Qt as GTK, again

Another set of night hours spent hacking on making the GTK API wrap Qt. I focused on adding functionality and not on cleaning up, so no code this time either. I just want to show the progress.

Wrapping Qt in GTK might seem like an impossible task, but the fact is that both toolkits, in turn, wrap the same APIs themselves. So, how does the progress look this far?

Upgraded Hello World (link)

The first example, upgraded hello world, works like a charm and does what is expected. There is only one change that has to be made to the example, and the need for it will go away when I've started cleaning the code.

Changes made to the example:
  • Replaced the gtk/gtk.h headerfile with my substitute.
Table Packing Example (link)

The next example, table packing, simply demonstrates the grid layout abilities of GTK. There seems to be a couple of pixels between the rows for some reason (I will investigate at a later point), but apart from that, everything works. The changes made are the same as for the first example.

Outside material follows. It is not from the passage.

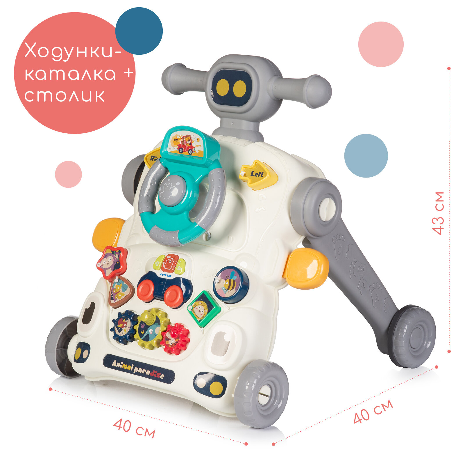 Ходунки - каталка детские Babyhit Multi Toy, трансформируется в игровой столик, цвет серый

Changes made to the example:
  • Replaced the gtk/gtk.h header with my substitute.
Manual Menu Example (link)

Robin Burchell (w00t) has attempted something similar in the gqt project (gitorious link). We will discuss how we can join forces ASAP (I've been sort of unavailable this weekend). The gqt project has clean code - look great. It employs a different approach than I when it comes to mapping signals/slots/events and for handling the construction of menus.

Robin mentioned that one of the major hurdles when mapping the APIs is that GTK uses a widget based structure for menus, while Qt uses QActions for menu items. To have a swing at this, I decided to attack the manual menu example next. It took some changes to the main approach of the wrapping effort, but now I think I have it sorted out.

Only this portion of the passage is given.